Among several methods developed so far to calculate voltage stability limit [8, 9, 10, 11], continuation power flow (CPF) is one of the most efficient methods. In CPF method, new forms of power flow equations are introduced to overcome the convergence problem of conventional power flow algorithms near the stability limit point [11]. CPF method, although offers accurate outcomes, is time-consuming and undesirable for real-time applications. In [12], a modified coupled single-port model was proposed to monitor voltage stability of the system. Results show improvement in monitoring voltage stability in comparison with the conventional CPF method. In [13] and [14], two methods were developed to analyze voltage stability based on the Thevenin equivalent concept. What is missing in these methods is considering systems different conditions like contingencies.
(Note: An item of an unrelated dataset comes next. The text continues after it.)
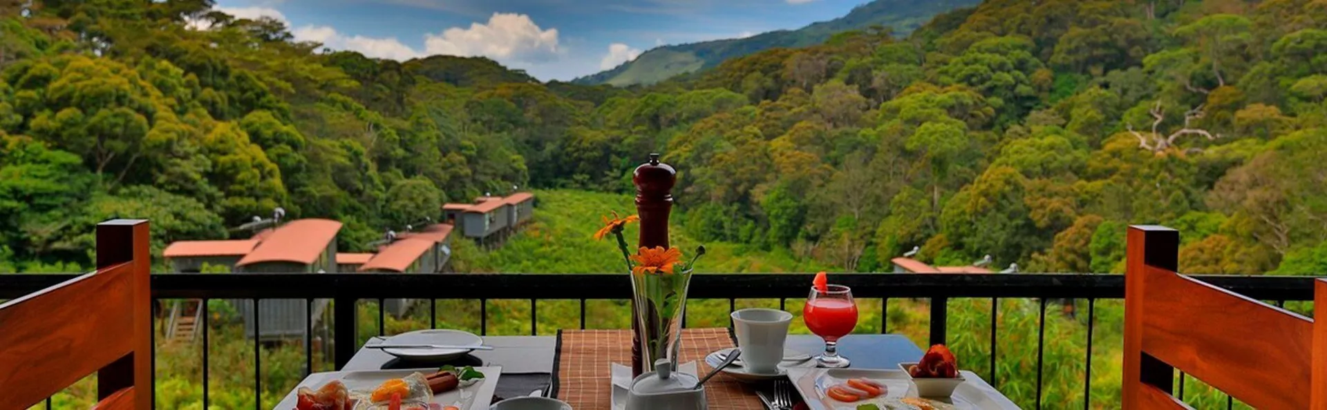 The Rainforest Eco Lodge sijaitsee keskellä vehreää srilankalaista teeviljelmää.

As the CPF method is an offline method, it is not appropriate to be used it for online applications. In this manner, several data mining tools such as support vector machine, artificial neural networks (ANNs), fuzzy systems, and expert systems together with conventional techniques have been proposed to develop online monitoring of voltage stability [15, 16, 17, 18]. Among these methods, ANN is a fast response technique promising to be used in real-time applications [16]. The capability of ANN in capturing nonlinear characteristics of the power system makes it suitable for real-world practices [19, 20]. ANN, as a “black-box” tool, includes input and output neurons. The performance of ANN is dominantly affected by the input feature selection. In the context of voltage stability assessment, [21] has selected active and reactive line flows as ANN inputs. In [22], active and reactive powers of load buses were used in the ANN input vector. Reference [23] used voltage magnitude of load buses and active and reactive powers of load and generation buses. In [13], performances of different inputs of the ANN were compared and it was deduced that the best performance of ANN is attained using bus voltage phasors as the input vector.

Dealing with a broad range of contingencies, such as line outages, is a challenge in voltage stability analysis. In N−1 contingency states, the trained ANN may fail to accurately estimate voltage stability margin (VSM) because of the change in the system configuration and characteristics. This may become worse in N−2 contingencies. Research attempts in [20, 21, 22, 23] have used an ANN to evaluate voltage stability in the normal condition and a separate ANN for contingency states. This may be inappropriate for a large power system with a huge number and different types of contingencies.

In the previous works, voltage stability of power systems has been evaluated by using state variables of the current operating point. The long-term voltage stability phenomenon is highly dependent on the load change scenarios [1]. Since in large-scale power systems the loads vary in different scenarios, incorporating the rates of change in loads in the ANN design process can be a viable alternative [11]. To the best knowledge of the authors, this subject has not been covered in previous research efforts.

In view of the above concerns and requirements, this paper develops a novel ANN-based approach with explicit inputs reflecting load change scenarios in addition to bus voltage phasors. This combination of features is used since:
  1. 1)

    Proximity of voltage collapse could be estimated by using voltage magnitude.

  2. 2)

    Power flow could be predicted by means of phase angles [16].

  3. 3)

    Rates of load change give a direct implication to the devised ANN that which loads or regions has more effect on the system voltage stability limit. Note that the load change rate can be obtained by having two sequent power quantities captured by measurement and monitoring system.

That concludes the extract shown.